The Tahoma School District at one point had its high school in neighboring Covington. In 2015, a bond measure was passed to build a new and more centralized high school for the district. It was to be built in a small unincorporated area southeast of Four Corners that was completely surrounded by Maple Valley, known informally as the ‘Donut Hole’. The area was annexed into Maple Valley and the new three-story Tahoma High School was completed in 2017.

Most of the district's schools are located within the city, with a few exceptions:
 Tahoma High School (Maple Valley)
 Maple View Middle School (Covington)
 Summit Trail Middle School (Ravensdale)
 Glacier Park Elementary School (Maple Valley)
 Rock Creek Elementary School (Maple Valley)
 Shadow Lake Elementary School (Maple Valley)
 Cedar River Elementary School (Maple Valley)
 Lake Wilderness Elementary School (Maple Valley)
 Tahoma Elementary School (Hobart)

Government and politics

Maple Valley City Council
The City Council is made up of seven councillors elected by local residents.
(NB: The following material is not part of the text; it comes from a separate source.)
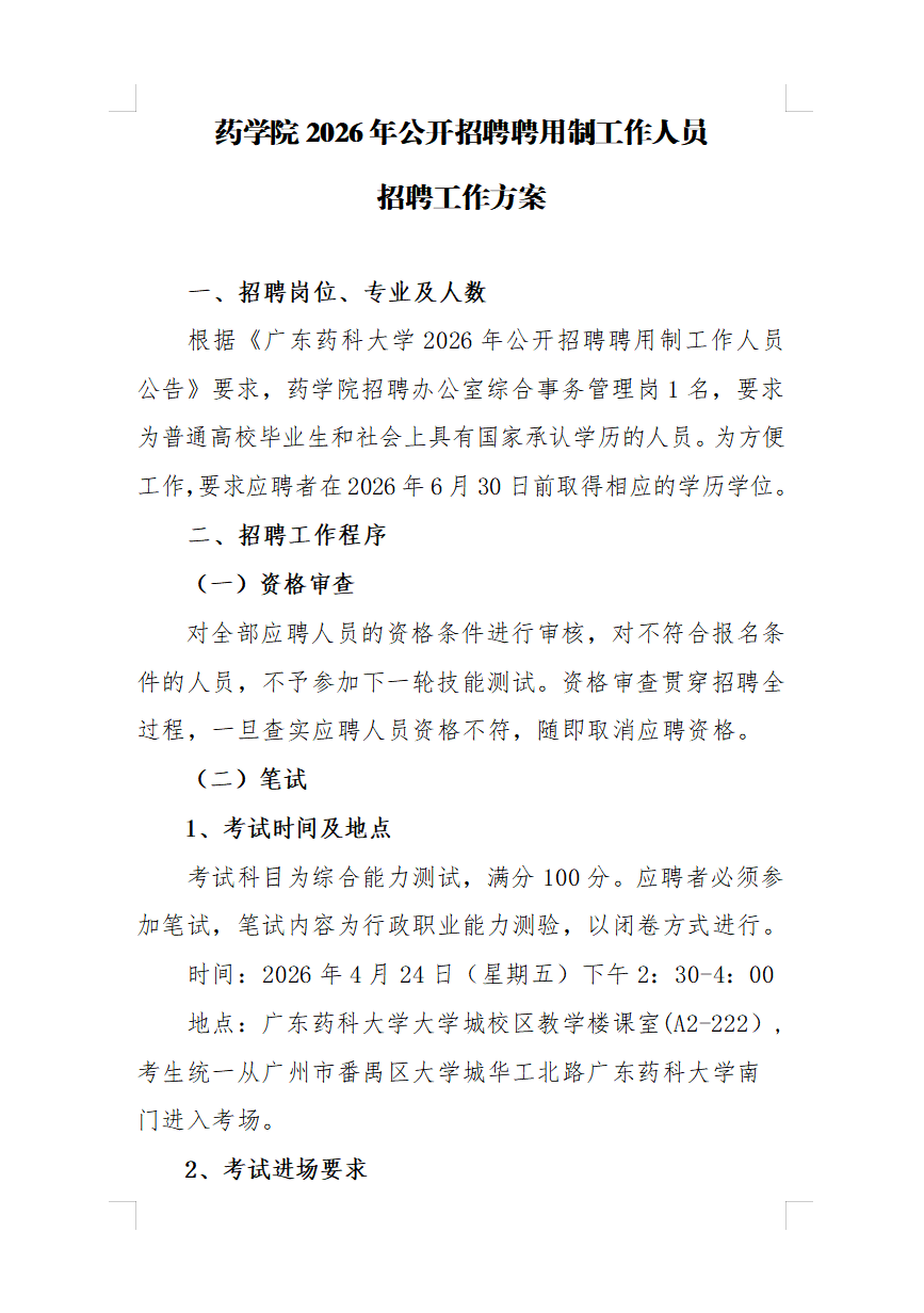药学院2026年公开招聘聘用制工作人员招聘工作方案

According to the city's website, "the Council establishes policy direction for the City, enacts ordinances and resolutions, maintains relationships and contact in local, state, regional and national associations, and generally provides leadership for the City and direction to the City Manager."

Police
Maple Valley is a contract city with the King County Sheriff's Office for police services. The King County deputies that are assigned to the city wear city uniforms and patches, but wear a King County Sheriff badge. The deputies mostly drive marked patrol cars with the city logo.

Points of interest
 Cedar River
 Cedar River Trail
 Lake Wilderness
 Lake Wilderness Lodge
 Lake Wilderness Arboretum
 Walsh Lake

Notable people
 Brandi Carlile, singer-songwriter
 Zan Fiskum, singer and reality show competitor
 Omare Lowe, former NFL player
 Jens Pulver, Tahoma graduate and UFC fighter, UFC Hall of Fame and coach
 Richard Sherman, NFL cornerback formerly of the Seattle Seahawks, San Francisco 49ers, and Tampa Bay Buccaneers
 Johnny Valentine, 2006 inductee in the Professional Wrestling Hall of Fame

References

External links

City of Maple Valley
History of Maple Valley

Cities in King County, Washington
Cities in the Seattle metropolitan area
1997 establishments in Washington (state)
Cities in Washington (state)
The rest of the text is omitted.